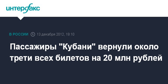Краснодар. 13 декабря. INTERFAX.RU - Пассажиры авиакомпании "Кубань" вернули 4,1 тыс. билетов на общую сумму 20 млн руб, говорится в сообщении авиаперевозчика.
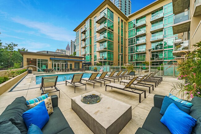 Pristine penthouse residence offering stunning treetop views, soaring 11-foot ceilings, and dual walk-out balconies overlooking the pool. Ideally situated in an unbeatable location, with popular restaurants, shops, Piedmont Park, and vibrant city attractions just steps from your front door. Residents enjoy access to exceptional amenities including concierge services, a state-of-the-art fitness center, on-site restaurant, resort-style pool and spa, and a fully equipped business center. The sleek, modern kitchen features stainless steel appliances, granite countertops, and a breakfast bar, all seamlessly opening to the spacious living area with hardwood floors and dramatic floor-to-ceiling windows. The expansive primary suite offers a spa-inspired bath, while a generously sized secondary bedroom includes its own full bathroom—ideal for guests or roommates. Additional highlights include two covered, secured parking spaces. Available July 1, 2026.
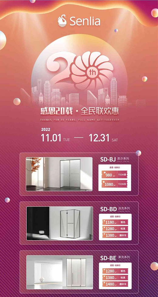 - 圣莉亞淋浴房感恩20載·全民聯(lián)歡惠,勁爆福利

• [WHAT IS NEEDED]: Exact copy, pictures omitted: every line from the one holding "Pristine penthouse residence" through the last line of the data above, and nothing else.

• [ANSWER TO THIS EXERCISE]:
 Pristine penthouse residence offering stunning treetop views, soaring 11-foot ceilings, and dual walk-out balconies overlooking the pool. Ideally situated in an unbeatable location, with popular restaurants, shops, Piedmont Park, and vibrant city attractions just steps from your front door. Residents enjoy access to exceptional amenities including concierge services, a state-of-the-art fitness center, on-site restaurant, resort-style pool and spa, and a fully equipped business center. The sleek, modern kitchen features stainless steel appliances, granite countertops, and a breakfast bar, all seamlessly opening to the spacious living area with hardwood floors and dramatic floor-to-ceiling windows. The expansive primary suite offers a spa-inspired bath, while a generously sized secondary bedroom includes its own full bathroom—ideal for guests or roommates. Additional highlights include two covered, secured parking spaces. Available July 1, 2026.
 - 圣莉亞淋浴房感恩20載·全民聯(lián)歡惠,勁爆福利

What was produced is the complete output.